For the avoidance of doubt, (i) if the event giving rise to the Benchmark Replacement Date occurs on the same day as, but earlier than, the Reference Time in respect of any determination, the Benchmark Replacement Date will be deemed to have occurred prior to the Reference Time for such determination and (ii) the “Benchmark Replacement Date” will be deemed to have occurred in the case of clause (1) or (2) with respect to any Benchmark upon the occurrence of the applicable event or events set forth therein with respect to all then-current Available Tenors of such Benchmark (or the published component used in the calculation thereof).

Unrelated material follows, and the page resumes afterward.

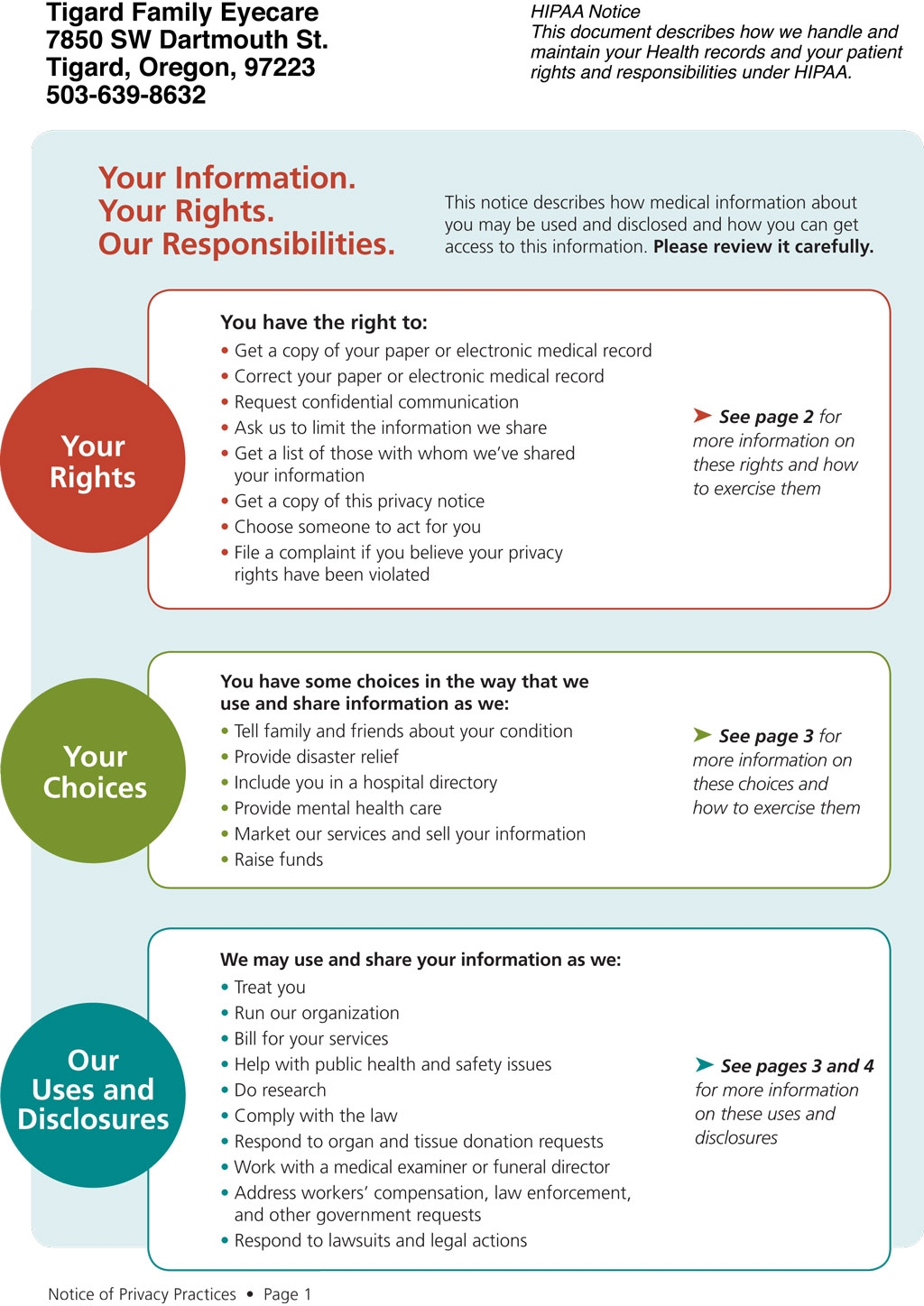 HIPAA Notice Of Privacy Practices Tigard Eyecare

“Benchmark Transition Event” means, with respect to any Benchmark, the occurrence of one or more of the following events with respect to such then-current Benchmark:
(1) a public statement or publication of information by or on behalf of the administrator of such Benchmark (or the published component used in the calculation thereof) announcing that such administrator has ceased or will cease to provide all Available Tenors of such Benchmark (or such component thereof), permanently or indefinitely, provided that, at the time of such statement or publication, there is no successor administrator that will continue to provide any Available Tenor of such Benchmark (or such component thereof);
(2) a public statement or publication of information by the regulatory supervisor for the administrator of such Benchmark (or the published component used in the calculation thereof), the Federal Reserve Board, the NYFRB, the CME Term SOFR Administrator, an insolvency official with jurisdiction over the administrator for such Benchmark (or such component), a resolution authority with jurisdiction over the administrator for such Benchmark (or such component) or a court or an entity with similar insolvency or resolution authority over the administrator for such Benchmark (or such component), in each case, which states that the administrator of such Benchmark (or such component) has ceased or will cease to provide all Available Tenors of such Benchmark (or such component thereof) permanently or indefinitely; provided that, at the time of such statement or publication, there is no successor administrator that will continue to provide any Available Tenor of such Benchmark (or such component thereof); or
(3) a public statement or publication of information by the regulatory supervisor for the administrator of such Benchmark (or the published component used in the calculation thereof) announcing that all Available Tenors of such Benchmark (or such component thereof) are no longer, or as of a specified future date will no longer be, representative.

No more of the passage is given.